Code: Pascal  [Select][+][-]
  1. src/tests$ uname -a
  2. Linux Ubuntu24 6.17.0-22-generic #22~24.04.1-Ubuntu SMP PREEMPT_DYNAMIC Thu Mar 26 15:25:54 UTC 2 x86_64 x86_64 x86_64 GNU/Linux
  3. src/tests$ lscpu | grep Model
  4. Model name:                              13th Gen Intel(R) Core(TM) i7-1355U
  5. src/tests$ ./build.sh -dAVX2 -CfAVX2 -CpCOREAVX -OpCOREAVX
  6. src/tests$ taskset -c 1 env LD_LIBRARY_PATH=/home/bpsa/app/pas-core-math/src/tests/.. /home/bpsa/app/pas-core-math/src/tests/../../bin/Benchmark32
  7. Compiled with AVX2.
  8. === Benchmark: 200000000 calls per function ===
  9.  
  10. acosf             C:  367.0 Mops/s  Pascal:  343.1 Mops/s  sink=MATCH
  11. acoshf            C:  128.3 Mops/s  Pascal:  192.3 Mops/s  sink=MISMATCH  FASTER! YAY!
  12. acospif           C:  237.8 Mops/s  Pascal:  246.6 Mops/s  sink=MISMATCH  TIE
  13. asinf             C:  383.9 Mops/s  Pascal:  400.8 Mops/s  sink=MATCH  TIE
  14. asinhf            C:  251.3 Mops/s  Pascal:  249.4 Mops/s  sink=MATCH  TIE
  15. asinpif           C:  258.4 Mops/s  Pascal:  408.2 Mops/s  sink=MISMATCH  FASTER! YAY!

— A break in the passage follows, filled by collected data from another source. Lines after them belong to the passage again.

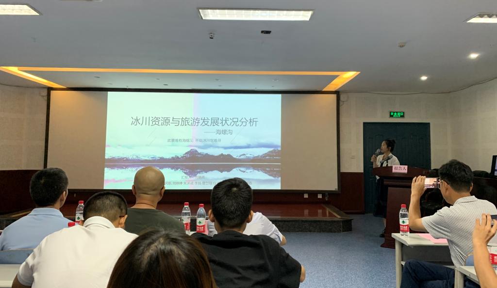 接下来,各实习小组结合城镇、乡村、冰川、山地和水等五个专题进行汇报展示,总结地理现象,发现地理问题,提炼地理规律。第一组结合乡村振兴战略,分析南岸美村的企业引领作用、明月村的政府主导作用;第二组以贡嘎山为例进行山地旅游产品评价,总结贡嘎山现存生态限制、气候、自然灾害等问题,并提出建议和保护开发策略;第三组对比了都江堰和乐山两个实习点,分析两地水利工程利弊,肯定都江堰水利工程系统“以点带面”式的多层面人居意义,分析乐山中心城区流域暴雨多发的原因并提出改进方案;第四组基于公园城市理念对公园社区规划与建设进行思考,结合新城市主义两大组成理论及其运用实例,合理设想未来智慧社区的发展新模式;第五组以海螺沟为切入点,分析冰川资源与旅游发展状况,分析问卷调查数据,运用SWOT模式进行综合分析,指出海螺沟冰川应当积极发挥开发主体作用,在保护性开发的理念下让更多人了解海螺沟冰川的独特魅力。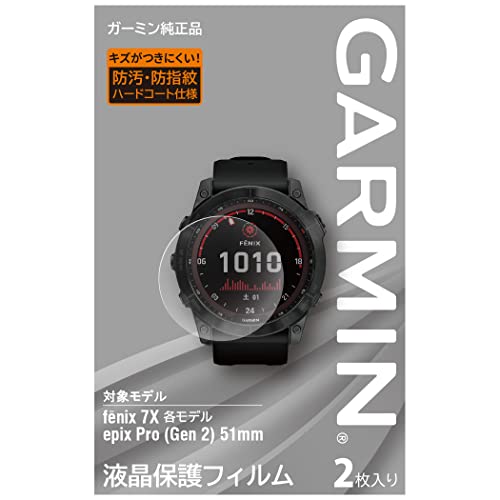 ガーミンの液晶保護フィルムは、fenix7x専用サイズで2枚入りです。メーカー純正の日本正規品で、画面を傷や汚れからしっかり保護します。耐久性があり、簡単に貼り付け可能で、クリアな視認性を保ちます。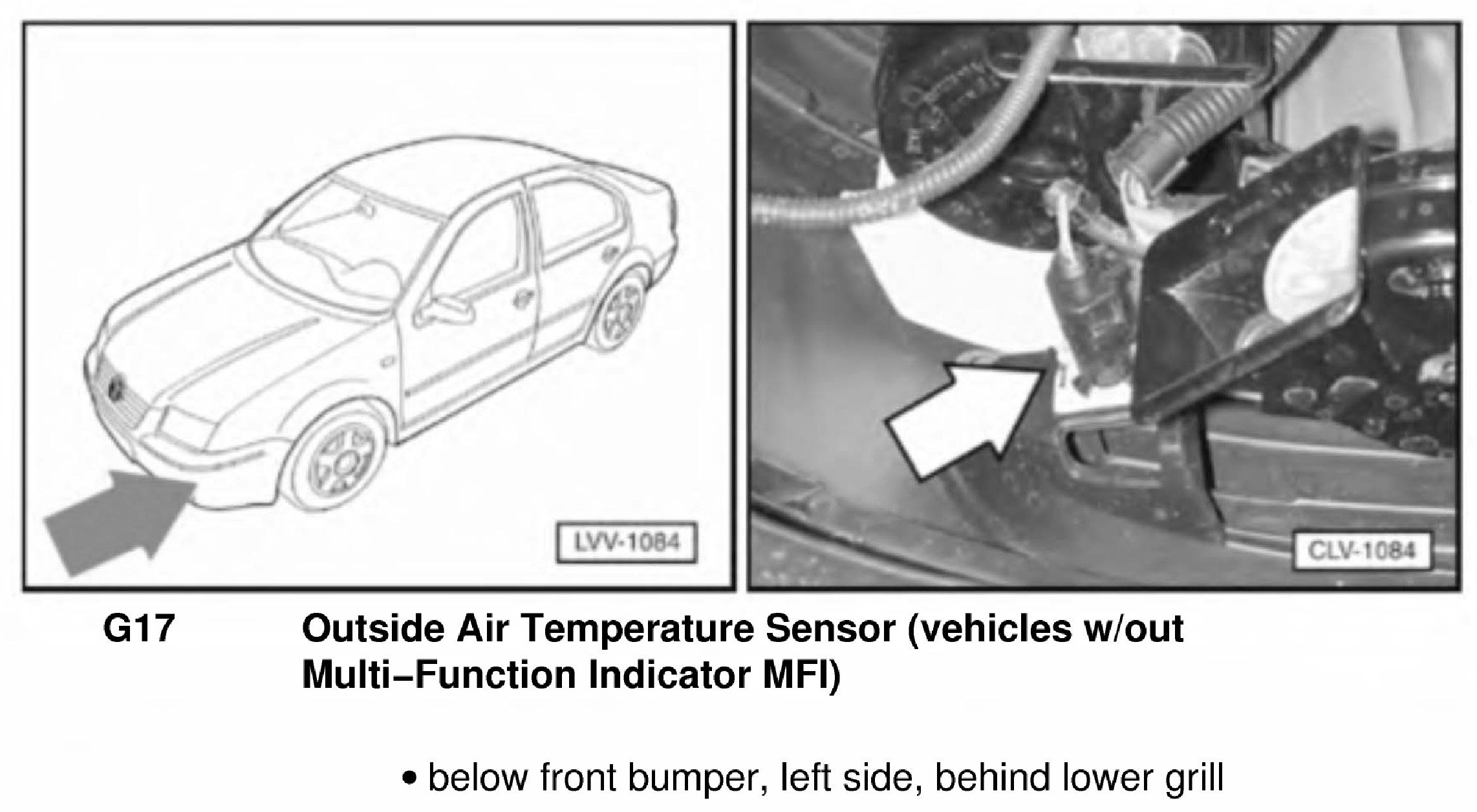 Outside Air Temperature Sensor (Vehicles W/Out Multi-Function Indicator MFI) G17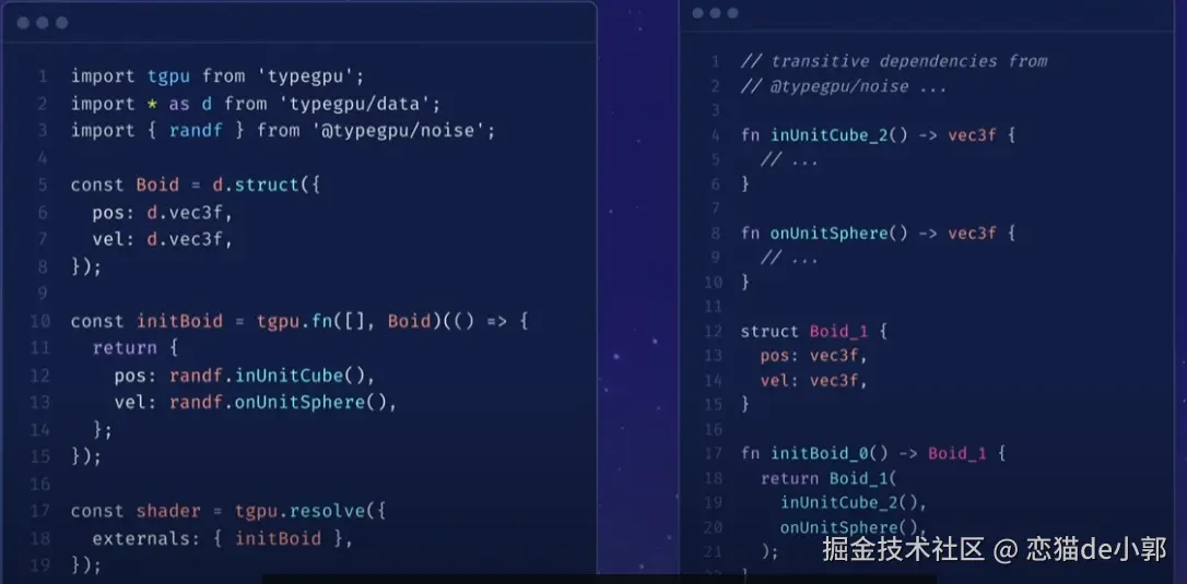 此外,由 Software Mansion 提出的 TypeGPU,作为一个类型安全的 WebGPU 支撑,目前是为了解决 WebGPU API 在某些方面(如 uniform byte alignment 和 padding)过于底层的问题,核心是提供一套类型安全的基元,桥接 TypeScript 和 WebGPU,从而允许在 JS 端创建类型化缓冲区并生成匹配的着色器代码,甚至允许 JS 函数在 GPU 上运行。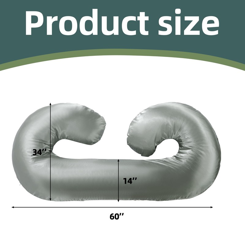 BALAPET Silky Satin Pregnancy Pillow Cover (ONLY Pillowcase), C Shaped Large Luxurious Smooth Maternity Pillow Cover with Hidden Zip, Soft & Breathable Pillow Protector for Side Sleeper, Dark Grey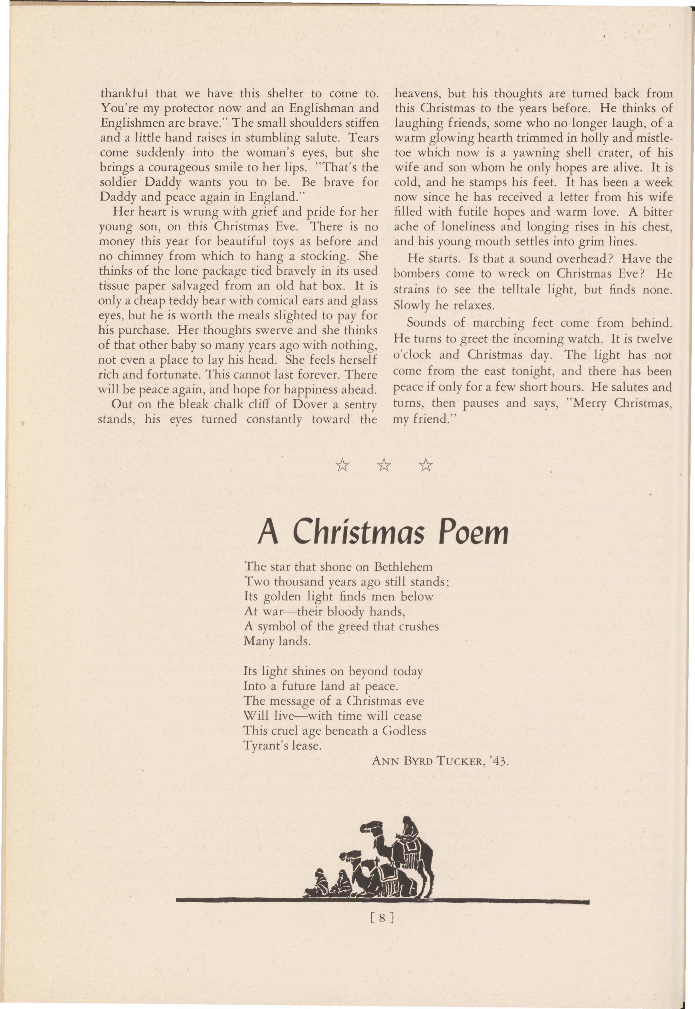 The real Christmas finds expression in the poem of Ann Byrd Tucker, no longer a newcomer to the magazine. . . . It is not difficult to see by Mark Willing's article that he spends much time in the air-usually before breakfast. Nanc y Master's poetry is a familiar asset to THE MESSENGER Lila Wicker campus representativ e to several nationally published magazines add s another manuscript to many already published in past years. The thought is timely and significant. ... Straughan Gettier's interest has not slackene d as his book review testifies. Once more Ben Rouzie' s humor comes to the rescue again in parody form. We must not forget the tru e Christmas message especially today. Billy Snow finds in it intrinsic worth for today.

  16. atanf             C:  337.3 Mops/s  Pascal:  331.1 Mops/s  sink=MATCH  TIE
  17. atanhf            C:  198.0 Mops/s  Pascal:  163.1 Mops/s  sink=MATCH
  18. atanpif           C:  120.0 Mops/s  Pascal:  173.6 Mops/s  sink=MATCH  FASTER! YAY!
  19. cbrtf             C:   79.6 Mops/s  Pascal:   91.1 Mops/s  sink=MATCH  FASTER! YAY!

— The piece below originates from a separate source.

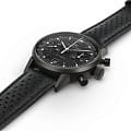 Hamilton Intra-Matic Auto Chrono H38446730 — выразительный хронограф с насыщенной винтажной эстетикой и современным техническим исполнением. Корпус диаметром 40 мм выполнен из нержавеющей стали с PVD-покрытиемPVDУльтратонкое покрытие наносится в технике вакуумного напыления, сочетает в себе нитрид титана особой прочности со слоем золота или оксида хрома. Несёт в себе декоративную или защитную функцию. чёрного цвета, придающим часам элегантность и строгость. Циферблат защищён выпуклым сапфировым стекломСапфировое стеклоПрочный и надёжный материал из кристалла сапфира синтетического происхождения, характеризующийся особой твёрдостью и устойчивостью к царапинам и повреждениям. с антибликовым покрытиемАнтибликовое покрытиеСлой оксида металла в 0,13-0,3 микрон, благодаря которому стекло часов не бликует и не отражает свет. Антибликовое покрытие уменьшает отражение света в 10 раз, обеспечивая отличную читаемость показателей циферблата., устойчивым к царапинам и бликам. Чёрный матовый циферблат оформлен в стиле «панда» с двумя белыми субциферблатами: малой секундной стрелкой и 30-минутным счётчиком. Указатели и стрелки покрыты люминесцентным покрытиемЛюминесцентное покрытиеПозволяет считывать показания времени в темноте. Производители наносят на стрелки, часовые индексы, безель или поверхность циферблата светонакопительный состав, дающий холодное свечение. для хорошей читаемости в тёмное время. Также присутствует тахиметрическая шкала и окно даты на «6 часах». Модель оснащена автоматическим хронографомХронографФункция позволяет измерять отрезки времени с особой точностью: часы, минуты, секунды. Верным признаком хронографа является наличие на циферблате 3 дополнительных окошек-счётчиков. калибра H-31 (на базе ETA/Valjoux 7753) с запасом хода до 60 часов. Часы комплектуются перфорированным чёрным кожаным ремешком в спортивном стиле с классической застёжкой-пряжкой. Водонепроницаемость 100 метров делает модель подходящей как для повседневного ношения, так и для активного образа жизни. Intra-Matic Auto Chrono — идеальный выбор для тех, кто ценит винтажный стиль, функциональность и швейцарскую механику.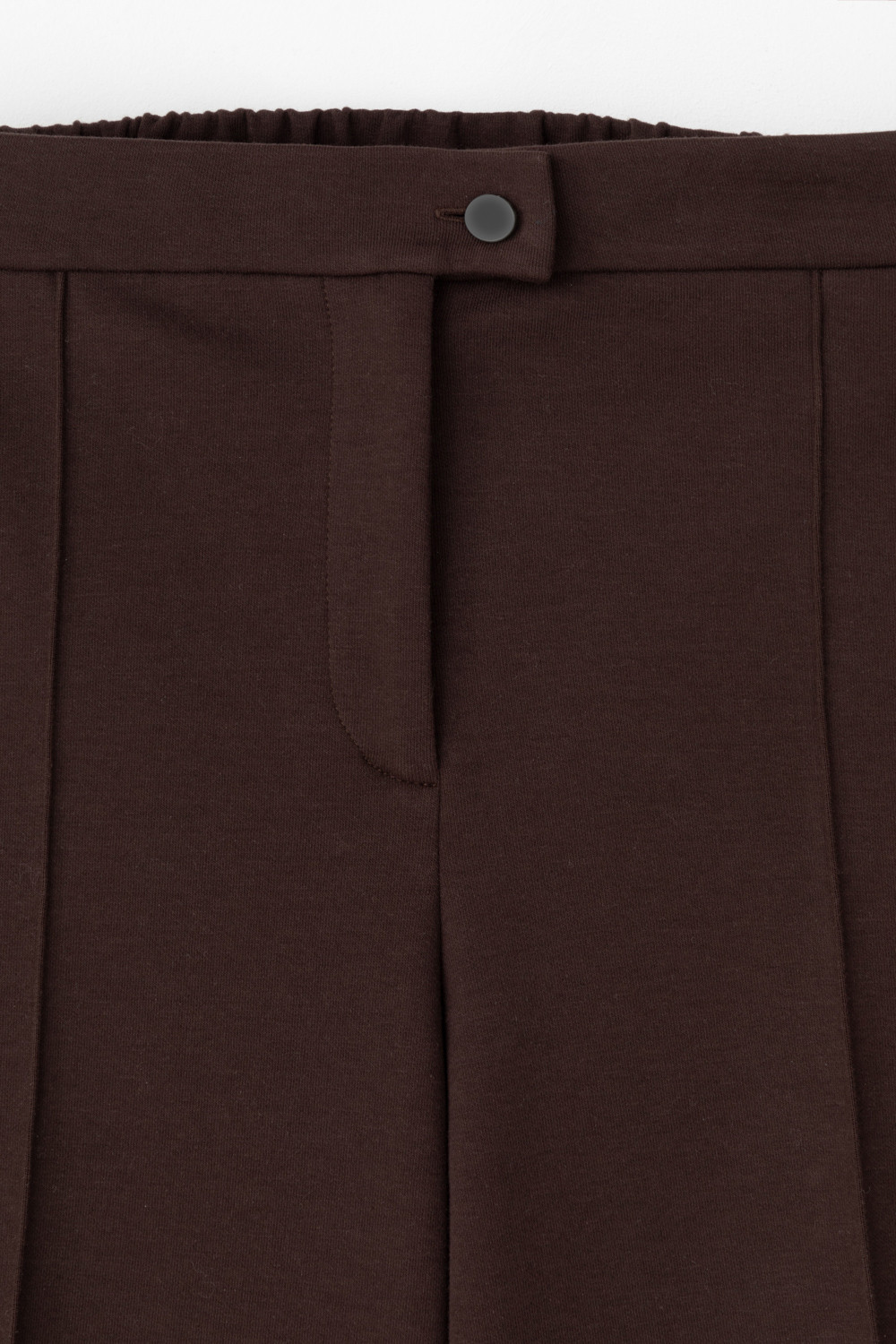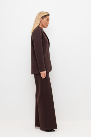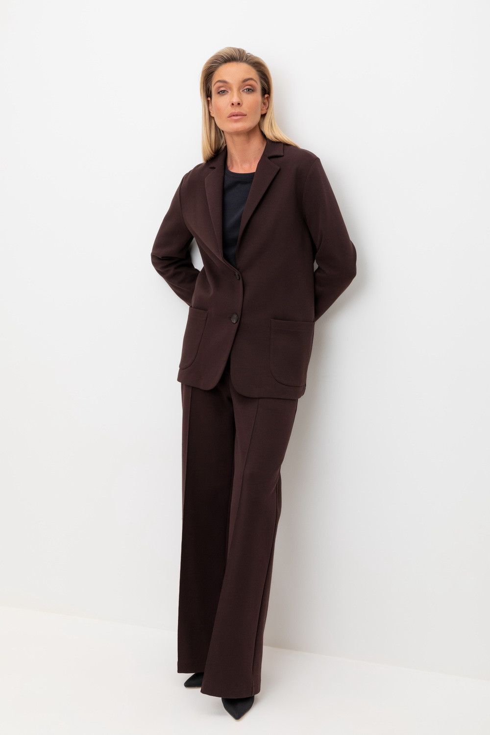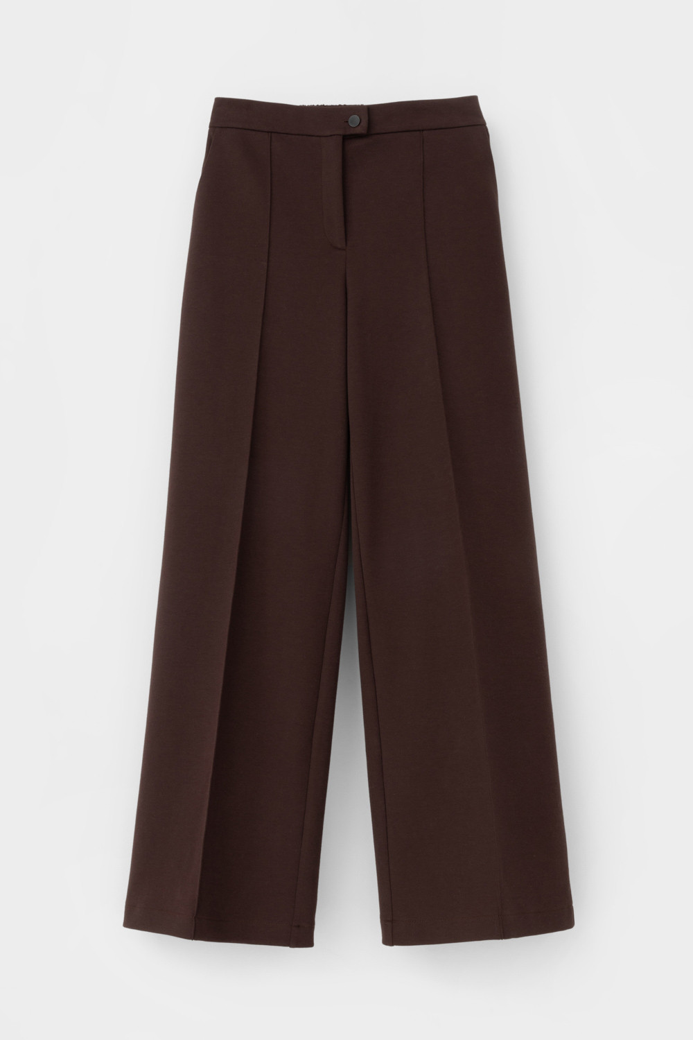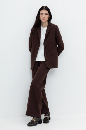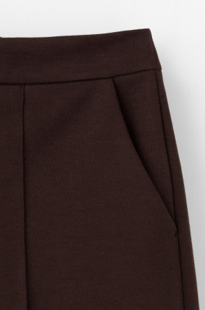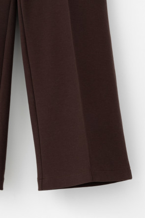 Свободные женские брюки со стрелкой и боковыми карманами из плотного гладкого трикотажа интерлок. Застежка на кнопку. Низ обработан плоскими швами.

  20. cosf              C:  192.5 Mops/s  Pascal:   85.2 Mops/s  sink=MATCH
  21. coshf             C:  144.0 Mops/s  Pascal:  400.8 Mops/s  sink=MATCH  FASTER! YAY!
  22. cospif            C:  148.4 Mops/s  Pascal:  143.5 Mops/s  sink=MATCH  TIE
  23. erff              C:  185.0 Mops/s  Pascal:  171.8 Mops/s  sink=MATCH
  24. erfcf             C:  168.2 Mops/s  Pascal:  286.1 Mops/s  sink=MATCH  FASTER! YAY!

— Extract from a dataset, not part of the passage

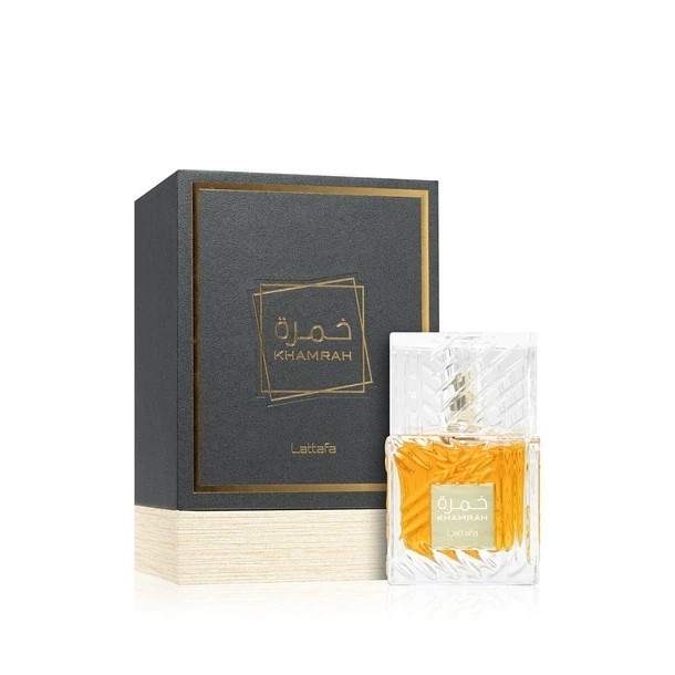 Khamrah de Lattafa Perfumes es una fragancia de la familia olfativa Aromática Especiada para Hombres y Mujeres. Esta fragrancia es nueva. Khamrah se lanzó en 2022. Las Notas de Salida son canela, nuez moscada y bergamota; las Notas de Corazón son dátiles, praliné, nardos y Mahonial; las Notas de Fondo son vainilla, haba tonka, mirra, Amberwood, Akigalawood y benjuí.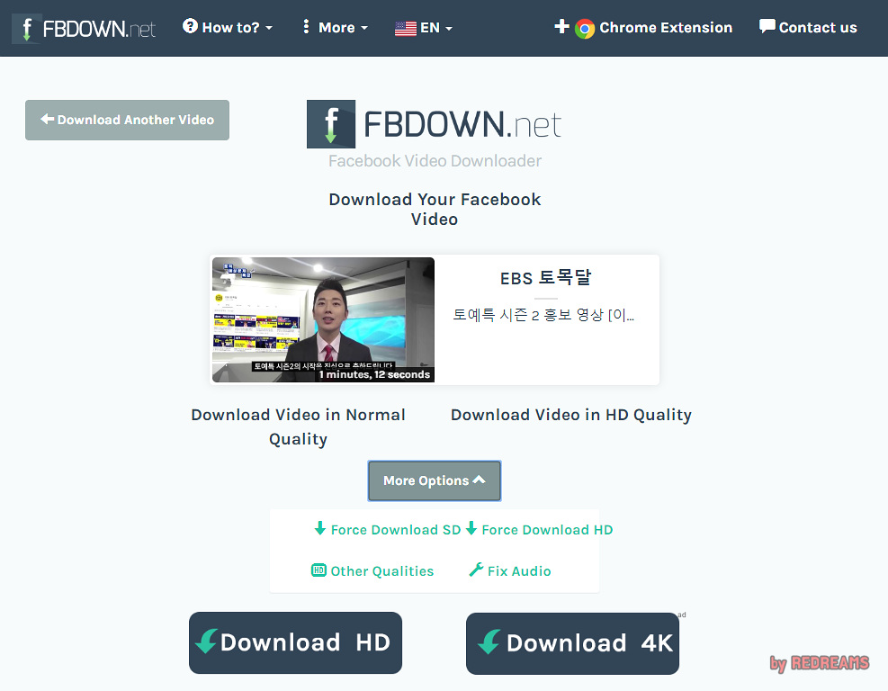 FBDOWN 사이트에서 URL을 입력한 후 다운로드 버튼을 클릭하니 역시나 5초만에 페이스북에 있는 동영상이 내 컴퓨터로 다운로드 되었습니다.

  25. expf              C:  131.8 Mops/s  Pascal:  228.6 Mops/s  sink=MATCH  FASTER! YAY!
  26. exp10f            C:  125.7 Mops/s  Pascal:  252.5 Mops/s  sink=MATCH  FASTER! YAY!
  27. exp10m1f          C:  191.4 Mops/s  Pascal:  139.2 Mops/s  sink=MATCH
  28. exp2f             C:   92.3 Mops/s  Pascal:  188.7 Mops/s  sink=MATCH  FASTER! YAY!
  29. exp2m1f           C:  140.7 Mops/s  Pascal:  197.4 Mops/s  sink=MATCH  FASTER! YAY!
  30. expm1f            C:  138.2 Mops/s  Pascal:  257.7 Mops/s  sink=MATCH  FASTER! YAY!
  31. lgammaf           C:   67.5 Mops/s  Pascal:   70.3 Mops/s  sink=MATCH  TIE
  32. logf              C:  209.4 Mops/s  Pascal:  210.5 Mops/s  sink=MATCH  TIE
  33. log10f            C:  149.1 Mops/s  Pascal:  129.8 Mops/s  sink=MATCH
  34. log10p1f          C:   92.5 Mops/s  Pascal:   99.6 Mops/s  sink=MATCH  FASTER! YAY!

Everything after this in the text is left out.